> What is required:
Repeat the data verbatim, images excluded.

_____

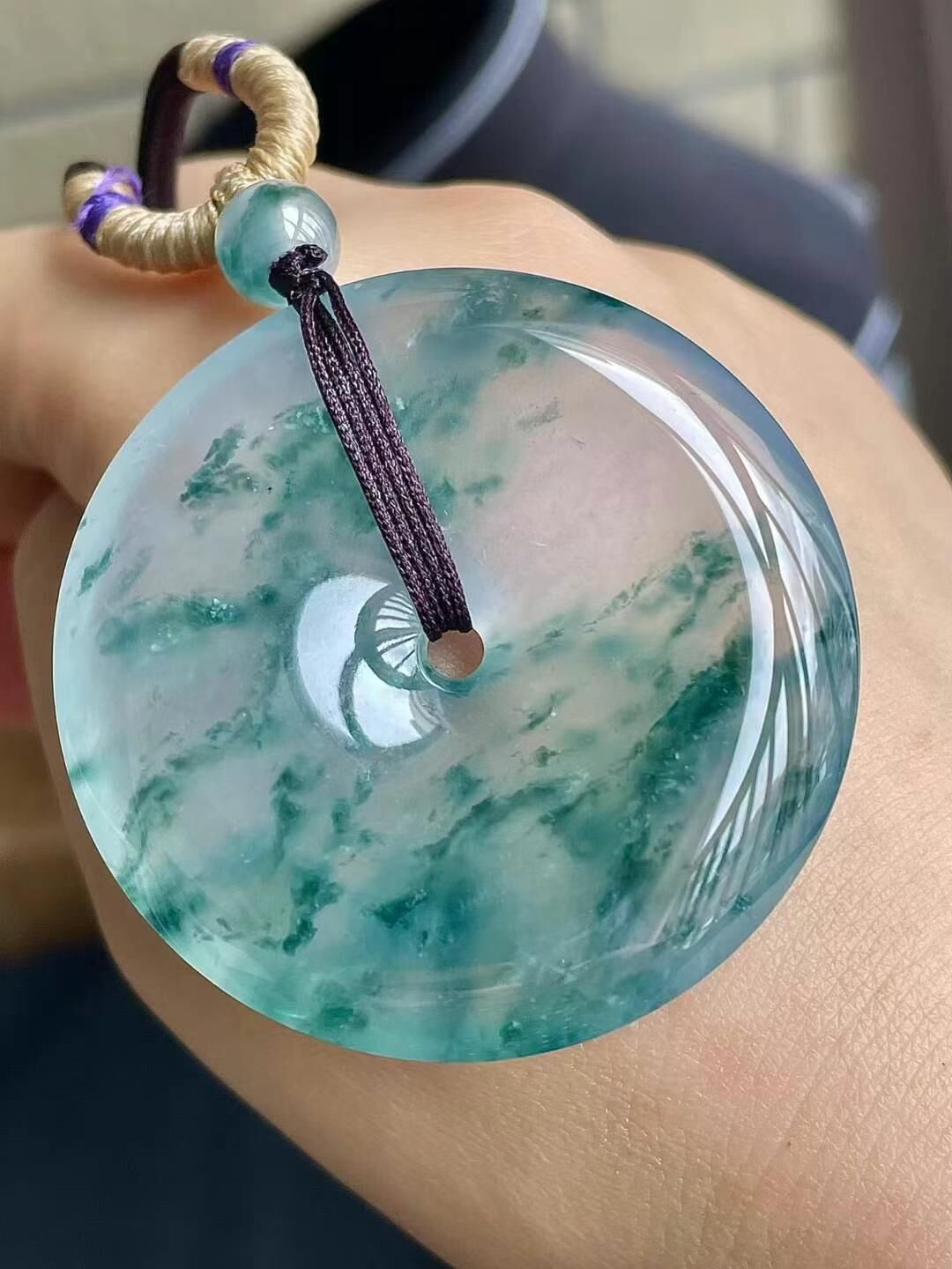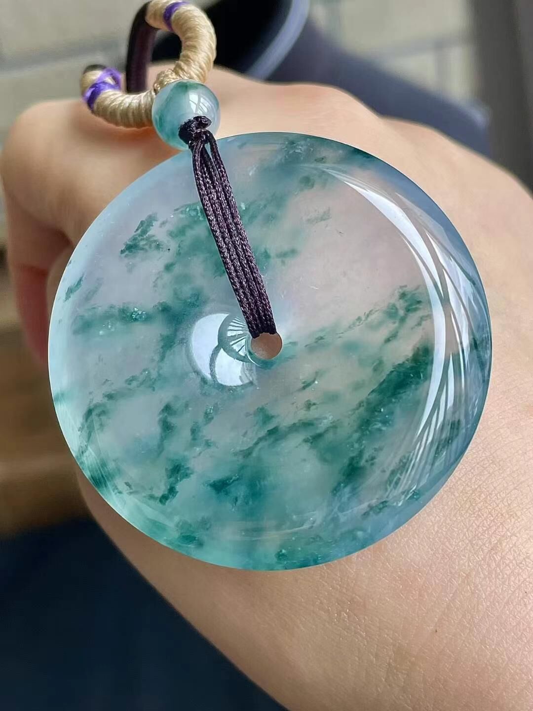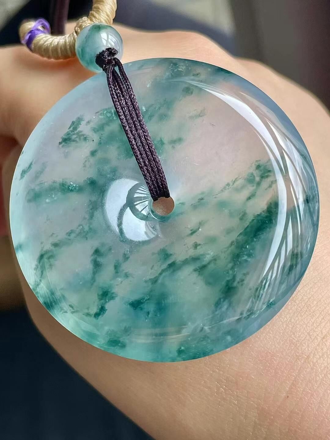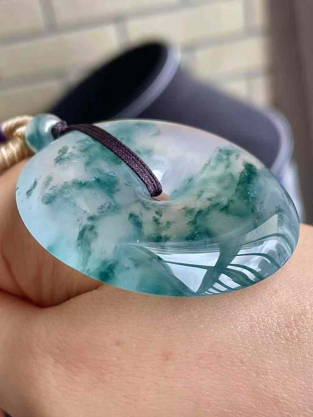 7125525 翡翠高冰飄藍花平安扣
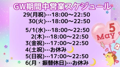 ⭐️GW期間中営業スケジュール⭐️
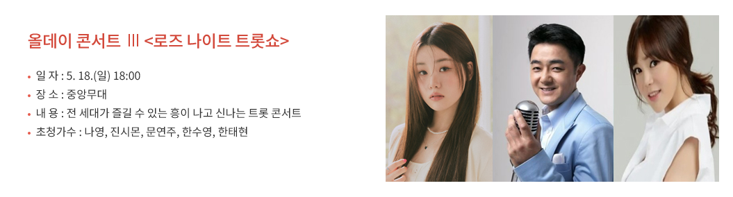 - 로즈 세레나데 쇼: 5.17(토) – 유하은, 알리, 정동하
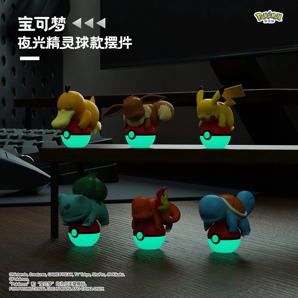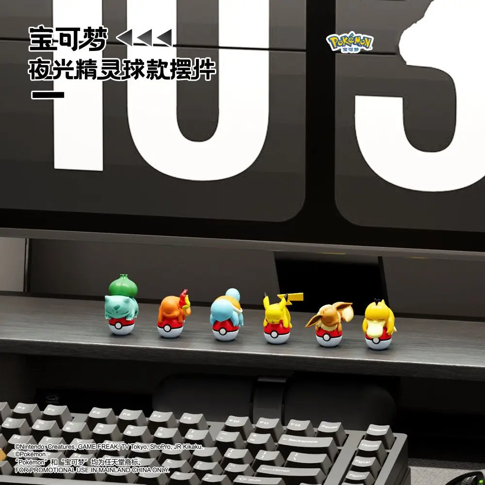 Pokemon Cute Glowing Series Charm PokeBall Cute Particle Ornament Bedroom Lighting Bulbasaur Action Figure Cartoon Accessory
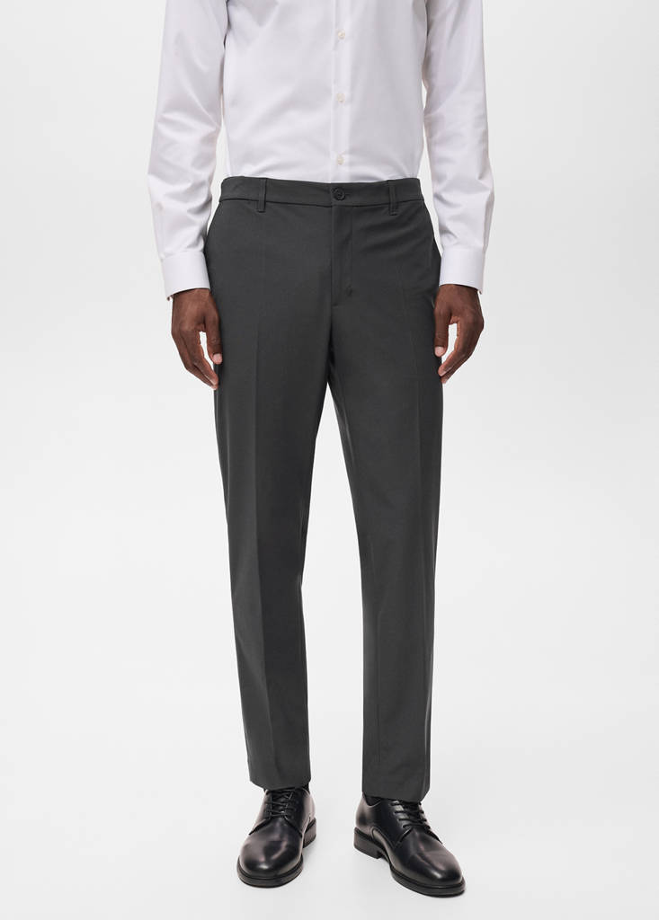 THERMOLITE®: fabric that, thanks to its fiber technology, offers thermal insulation and breathability. Slim fit. Belt loops. Detail of front and rear calipers. Two side pockets. Two welt pockets at the back. Double-breasted button and zipper front closure
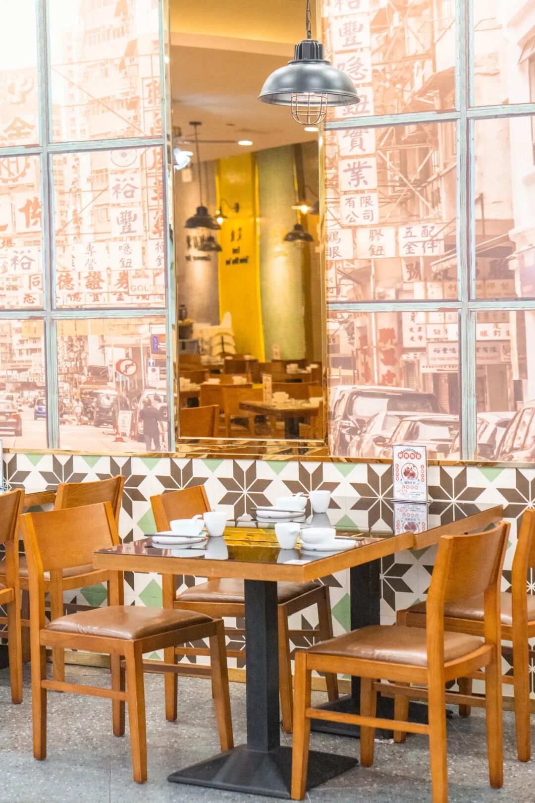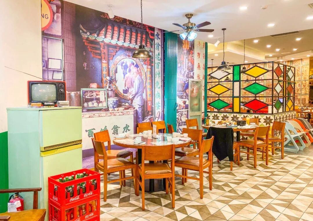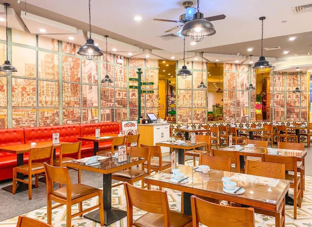 怀旧的桌椅 + 显眼的灯牌 + 复古家电 店里的每个细节都透露着浓浓的港式风情
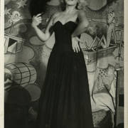 Aleksandra Mocek w II programie Kabaretu Literackiego Koziołki Poznańskie na tle kotary zaprojektowanej przez Stefanię Danielę Cholewczyńską i Henryka Derwicha21.11.1955
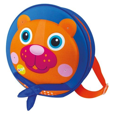 Barevný, kulatý batoh, motiv medvěd, vyrobený z ethylenvinylacetátu, proto je extrémně pevný a odolný. S nastavitelnými polypropylenovými popruhy, velikost cca 7,5x26,5x26,5 cm. Pro děti starší 18 měsíců. Pozor: Délka popruhu by měla být nastavena dospělými.
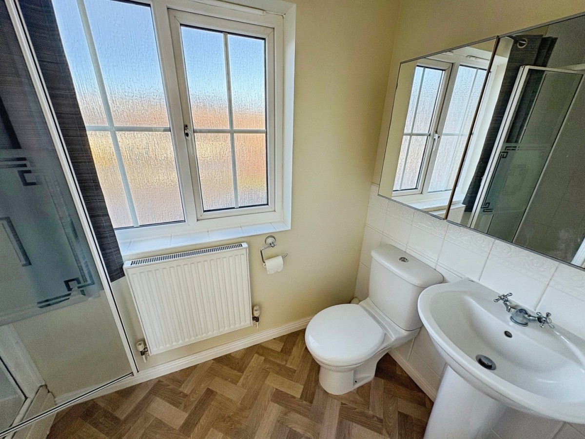 1.17m x 1.76m (3' 10" x 5' 9") Skimmed and emulsioned ceiling with ceiling light, skimmed and emulsioned walls, radiator, PVCu frosted double glazed window overlooking the rear of the property. Two piece suite comprising low level w.c. pedestal wash hand basin with tiling to the splash back and vinyl flooring in Herringbone wood effect.

_____

> Output of the task:
 7125525 翡翠高冰飄藍花平安扣
 ⭐️GW期間中営業スケジュール⭐️
 - 로즈 세레나데 쇼: 5.17(토) – 유하은, 알리, 정동하
 Pokemon Cute Glowing Series Charm PokeBall Cute Particle Ornament Bedroom Lighting Bulbasaur Action Figure Cartoon Accessory
 THERMOLITE®: fabric that, thanks to its fiber technology, offers thermal insulation and breathability. Slim fit. Belt loops. Detail of front and rear calipers. Two side pockets. Two welt pockets at the back. Double-breasted button and zipper front closure
 怀旧的桌椅 + 显眼的灯牌 + 复古家电 店里的每个细节都透露着浓浓的港式风情
 Aleksandra Mocek w II programie Kabaretu Literackiego Koziołki Poznańskie na tle kotary zaprojektowanej przez Stefanię Danielę Cholewczyńską i Henryka Derwicha21.11.1955
 Barevný, kulatý batoh, motiv medvěd, vyrobený z ethylenvinylacetátu, proto je extrémně pevný a odolný. S nastavitelnými polypropylenovými popruhy, velikost cca 7,5x26,5x26,5 cm. Pro děti starší 18 měsíců. Pozor: Délka popruhu by měla být nastavena dospělými.
 1.17m x 1.76m (3' 10" x 5' 9") Skimmed and emulsioned ceiling with ceiling light, skimmed and emulsioned walls, radiator, PVCu frosted double glazed window overlooking the rear of the property. Two piece suite comprising low level w.c. pedestal wash hand basin with tiling to the splash back and vinyl flooring in Herringbone wood effect.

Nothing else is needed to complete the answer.